DROIT DE SUITE - Chaque matin retour sur un sujet, un personnage, un lieu qui a marqué l'actualité de ces derniers mois. Aujourd'hui, que sont devenus les acteurs? Les promesses ont-elles été tenues? Y-a-t-il eu des changements sur le terrain? Ce mercredi, RMC est revenue sur l'affaire des navires Mistral jamais livrés à la Russie.

Que sont devenus les deux Mistral construits à St Nazaire pour les Russes ? Les deux navires n'ont jamais été livrés à la Russie. En novembre 2014, en raison de la crise ukrainienne, la livraison du "Vladivostok" et du "Sebastopol" est suspendue. Ils mouillent donc toujours au port de Saint-Nazaire. Fin avril, François Hollande a admis que la France pourrait être amenée à rembourser les montants déjà versés par la Russie. Pour rappel, la France et la Russie avaient conclu en juin 2011, sous le mandat de Nicolas Sarkozy, un contrat d’environ 1,2 milliard d’euros pour ces deux porte-hélicoptères français.

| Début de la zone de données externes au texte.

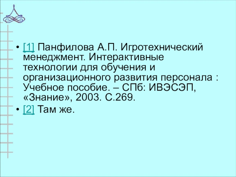 [1] Панфилова А.П. Игротехнический менеджмент. Интерактивные технологии для обучения и организационного
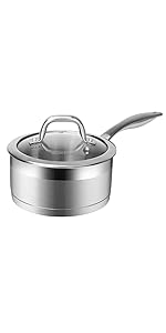 • HIGH QUALITY MATERIAL: This 3 quart saucepan is manufactured with whole-clad tri-ply stainless steel—ensuring even heating and eliminating hot spots

Si, à l'heure actuelle, ces deux engins sont toujours à quai dans le port de Saint-Nazaire, il est impossible de s’en approcher à moins de 200m. "C'est un enclos complètement fermé, grillagé avec à certains emplacements du barbelés. On ne le voit que des parkings ou de la route, mais cet enclos est protégé et non accessible", confirme Françoise, syndicaliste sur les chantiers navals.

"Revendable, mais à quel coût?"

Pour autant, est ce qu’un jour ces Mistral repartiront en mer? Pour cela, il faudrait trouver un pays prêt à les racheter or la Russie s’y oppose et de toute façon il est pratiquement impossible de les vendre un autre pays. "La problématique c'est qu'actuellement toute la signalétique et l'informatique à l'intérieur est tout en russe, explique Françoise. Il pourrait être revendable, mais à quel coût? S'il faut tout remettre au goût d'un potentiel pays acheteur cela à un coût".

Ce n'est pas tout, "il faut savoir que selon le pavillon sous lequel navigue un bateau, la réglementation n'est pas la même. Il y a des pays dans lesquels les réglementations sont beaucoup plus dures que celles de la Russie. Donc cela pourrait nécessiter d'autres mises aux normes qui pourraient coûter très cher". De plus, les termes du contrat ont fortement tendu les relations diplomatiques et commerciales entre les deux pays. Ainsi, Moscou demande le remboursement des navires estimé à 1,2 milliards d’euros alors que Paris, de son côté, ne veut pas verser au-delà d’un milliard.

"Nous avons été extrêmement naïfs"

"Très clairement, du point de vue russe, la confiance faite à la France en tant que fournisseur et partenaire de technologie en matière d'armement est rompue. Et je ne pense pas que cette confiance sera susceptible de revenir", juge Philippe Migault, chercheur à l’Institut de relations internationales et stratégiques. Il ajoute: "Pendant que nous prenons des sanctions vis-à-vis de la Russie, la part de commerce des Américains avec les Russes augmente".

Un constat "paradoxal" pour cet expert: " Alors que nous avons cédé à des pressions américaines pour prendre des sanctions contre les Russes, pendant ce temps-là, les entreprises américaines augmentent leur business en Russie. Je pense que dans cette affaire nous avons été extrêmement naïfs et absolument pas pragmatiques d'un point de vue diplomatique". A noter enfin que le fait de garder à quai ces deux navires coûte plus d’un million d'euros par mois au constructeur naval, rien que pour les frais de gardiennage et de maintenance.